Snell & Wilmer is an American law firm based in Phoenix, Arizona. Founded in 1938, the firm represents clients ranging from large, publicly traded corporations, to small businesses, individuals and entrepreneurs. Barbara J. Dawson has served as chair since April 2023, when she succeeded Matthew P. Feeney.

==History==
Snell & Wilmer traces its origins to 1934, when attorneys Frank L. Snell, Jr., Riney Salmon, and Charles Strouss began practicing together in Phoenix.
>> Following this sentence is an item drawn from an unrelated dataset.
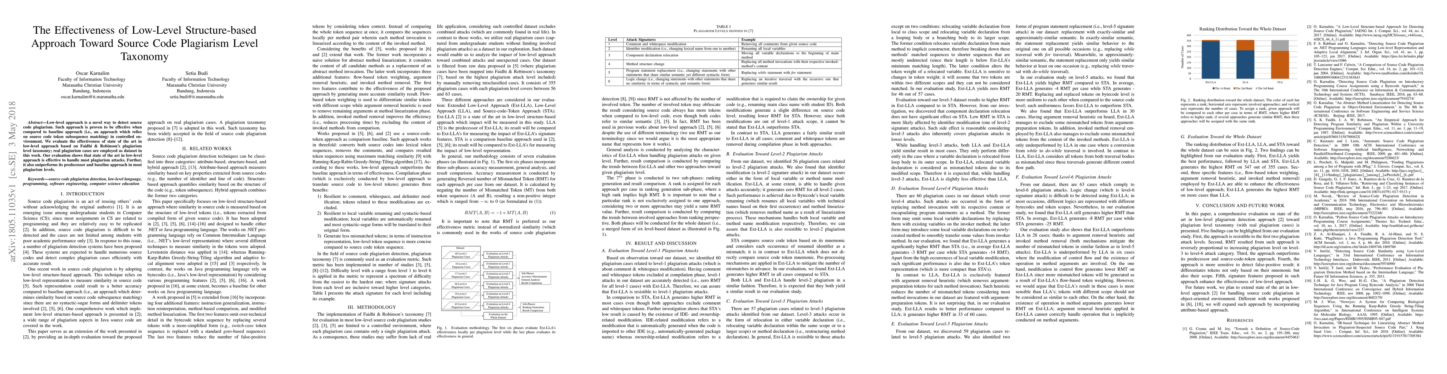 The novelty of this work lies in its comprehensive evaluation of the low-level structure-based approach using real plagiarism cases and its comparison with both its predecessor and a baseline token approach, demonstrating the superiority of the extended approach in handling multiple plagiarism attack levels.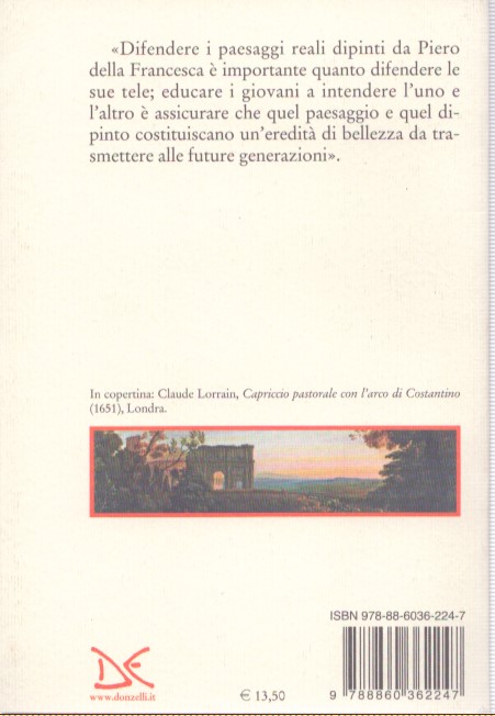 Difendere i paesaggi reali dipinti da Piero della Francesca è importante quanto difendere le sue tele; educare i giovani a intendere l’uno e l’altro è assicurare che quel paesaggio e quel dipinto costituiscano un’eredità di bellezza da trasmettere alle future generazioni. L’Italia ha un’invidiabile tradizione artistica che da secoli ne fa una meta obbligata per i viaggiatori, letterati, uomini di cultura di ogni parte del mondo che vengono a scoprire meraviglie antiche e moderne: dalle grandi vestigia dell’antichità a Giotto, da Raffaello a Bernini, da Canova a Morandi.

Mark Wilmer joined the firm in 1938, and the firm later became known as Snell & Wilmer.

From 1956 to 1958, firm co-founder Mark Wilmer led the legal team representing Arizona in Arizona v. California, a water-rights dispute with California over the Colorado River. The U.S. Supreme Court ruled in Arizona's favor in 1963, a decision that enabled the construction of the Central Arizona Project.

After World War II, attorneys Joseph T. Melczer, Jr., James Walsh, and Edwin Beauchamp joined the firm, which was then known as Snell, Wilmer, Walsh, Melczer & Beauchamp. The firm shortened its name to Snell & Wilmer around 1950, after Walsh departed to become a U.S. District Court judge.

In 1993, the firm's long-standing relationship with major client Arizona Public Service Company (APS) was strained after a whistleblower lawsuit alleged that an APS employee had been passed over for a job in retaliation for reporting safety violations at the Palo Verde Nuclear Generating Station. APS's president and CEO publicly criticized the firm's handling of the case's discovery process as "improper and ineffective," and the two Snell & Wilmer attorneys who had handled the litigation were removed from the account, though APS continued its relationship with the firm.